J.L. (Jim) Payne, brother of Brax and Buddy, was the camp meeting secretary for over twenty years, starting in 1915. He also wrote hymns and poems, such as "Beulah Heights," that was published in the Dodson Times on May 5, 1904. Payne in-laws, such as Morris Simmons and James Bonnette, later assumed this camp meeting secretary role. Buddy Payne made the trip south to Winnfield each year to visit business owners and collect donations to help fund the camp meeting. Even now, the old camp meeting continues through several Payne descendants filling leadership positions (Robert Leach and Patsy Sharp).

Major construction of the Louisiana Holiness College was not completed until about 1907. The publication, Legends and Legacies of Winn Parish (Vol. 1, Issue 4, 1998, p. 138), tells about construction in 1906 of one of the three-story buildings there with its 26 rooms, including offices, classrooms, music and recitation areas, as well as a dining hall. Faculty taught courses such as literacy, business, stenography, typewriting, music, and theology. Rail service linked this college and Dodson, and dormitory rooms at the college were available for students. The Louisiana Holiness College opened in 1906 as an expansion and enhancement of the earlier Hudson Training School and College (started in 1896 at that site). W.M.D. Gaar, a minister of the Protestant Methodist Church, was the president of the LHC, and he and his family and friends were able financially to give the college a good start.

The web site "The People's Story of the Southern Nazarene University" describes the LHC and other early colleges in the South that had Nazarene religious ties or support.
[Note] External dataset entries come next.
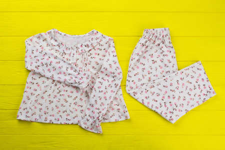 Floral top and pants on yellow table. Soft lightweight cotton for summer nights. Comfy and roomy pajama set for girls.
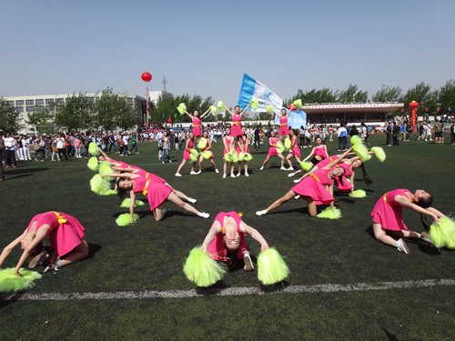 校运动会正如火如荼的进行着,看台上人声鼎沸,观众热情如潮。啦啦操的姑娘们灵动在明媚的阳光下,用轻快的舞姿和甜美的微笑感染着赛场上的所有人。她们将舞蹈、艺术体操、彩带与彩球进行完美融合,旋转、跳跃,伴随着运动员矫健的步伐,用粲然的笑颊和曼妙的舞姿奏出希望的乐章。这是多少天不畏疲惫的训练成果,这是多少次为一组舞蹈不断磨合的杰作。她们默默熟悉着每一个舞步,仔细回想着每一个动作,只为了这一场运动的盛宴。破茧化蝶,带着伤痛的灿烂,幻化为阳光下的精灵,用热情点燃赛场上运动健儿们拼搏的激情。春日的体育场,有了啦啦操的装扮,竟是如此灵动美丽。也许摘金夺银的梦想和他们无缘,也许他们只是扮演了一个小小的角色,但是正因为有了他们,运动员会更加坚定地冲向终点,赛场内狂热的气氛才得以延续,看台上的观众才会在紧张的比赛中感受到体育竞技的独特魅力。
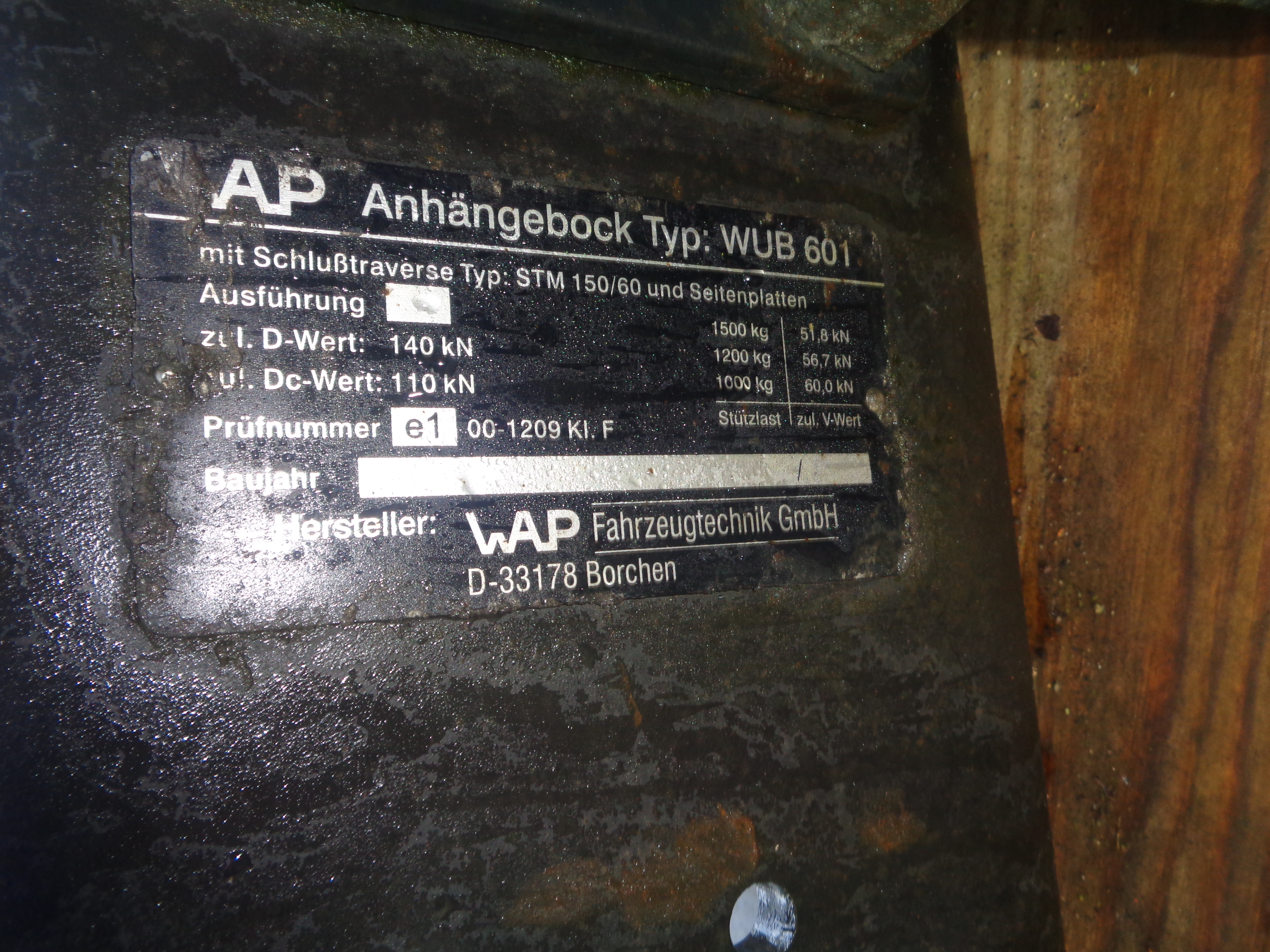 WAP Anhangerbock model WUB 601 monteret på underbygget træktravers med endegavlesplader
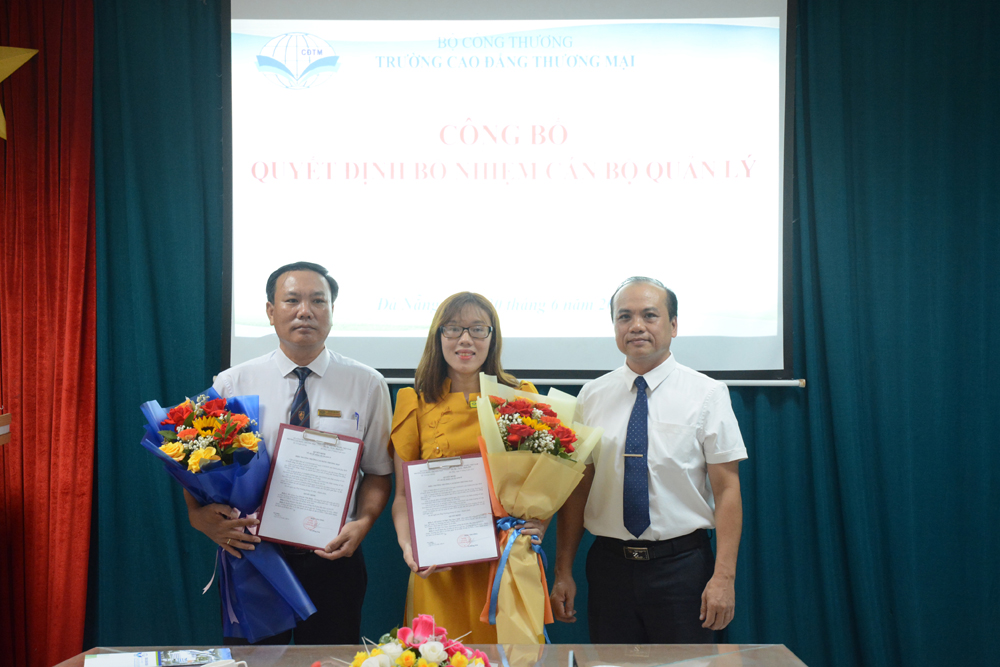 Tại buổi công bố quyết định này, Hiệu trưởng Trường Cao đẳng Thương mại quyết định bổ nhiệm có thời hạn ThS. Huỳnh Văn Bình - Trưởng Bộ môn Kế toán giữ chức vụ Phó Trưởng khoa Kế toán - Tài chính, Trưởng Bộ môn Kế toán; Cô Ngô Thị Ngọc Ánh - Phụ trách bộ môn Tiếng Anh cơ bản giữ chức vụ Trưởng Bộ môn Tiếng Anh cơ bản.
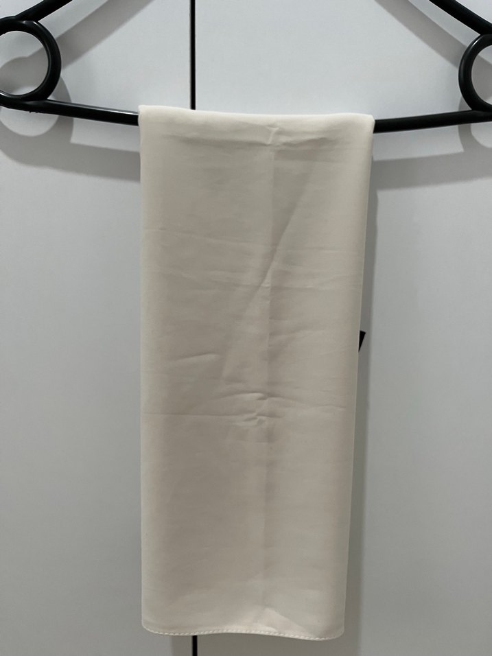 Drapeli beyaz kadın şalı, yumuşak sentetik kumaştan üretilmiştir. Minimalist ve çağdaş tarzda, sade ve temel gardıroplar için uygundur. İpek şal

Leaders in the LHC at Hudson appealed to the Nazarene Church for union with or adoption by the church to help meet its increasing financial needs after 1910 or so. "Garr came to realize ... that meeting the demands of maintaining the College single-handedly was impracticable. Also, most students from the hardscrabble area in north central Louisiana found it impossible to meet the small charges that were assessed. Failing to achieve Nazarene affiliation, and the help that was expected from it, the leaders came to the painful decision to close the school. Final closure came at the end of the 1912 academic year." The buildings on the LHC campus after it closed were used as temporary housing purposes for the camp meeting and for Sunday school classes.